Goal of the exercise
Please repeat, from the entries that follow, the lines from the one containing "Casual Loose Front" through the one containing "Wie schon erwähnt, ganz" exactly, adding nothing.
--- Entries shown ---
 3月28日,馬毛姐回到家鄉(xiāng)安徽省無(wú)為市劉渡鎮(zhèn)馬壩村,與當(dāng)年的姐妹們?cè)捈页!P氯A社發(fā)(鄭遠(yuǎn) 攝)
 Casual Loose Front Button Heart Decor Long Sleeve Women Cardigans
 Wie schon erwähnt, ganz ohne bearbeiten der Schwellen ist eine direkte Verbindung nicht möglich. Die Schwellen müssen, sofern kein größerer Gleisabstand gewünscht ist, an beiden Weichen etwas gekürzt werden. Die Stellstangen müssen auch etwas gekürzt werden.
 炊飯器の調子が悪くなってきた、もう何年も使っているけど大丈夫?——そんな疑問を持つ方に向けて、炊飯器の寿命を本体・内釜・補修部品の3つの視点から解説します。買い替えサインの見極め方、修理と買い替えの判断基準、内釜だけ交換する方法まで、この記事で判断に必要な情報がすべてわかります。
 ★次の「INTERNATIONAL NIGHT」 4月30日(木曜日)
---
--- Entries shown ---
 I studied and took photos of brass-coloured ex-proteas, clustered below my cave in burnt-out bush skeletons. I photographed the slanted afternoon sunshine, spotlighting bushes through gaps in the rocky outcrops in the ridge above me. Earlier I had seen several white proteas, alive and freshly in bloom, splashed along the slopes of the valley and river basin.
---
Answer to this problem
 Casual Loose Front Button Heart Decor Long Sleeve Women Cardigans
 Wie schon erwähnt, ganz ohne bearbeiten der Schwellen ist eine direkte Verbindung nicht möglich. Die Schwellen müssen, sofern kein größerer Gleisabstand gewünscht ist, an beiden Weichen etwas gekürzt werden. Die Stellstangen müssen auch etwas gekürzt werden.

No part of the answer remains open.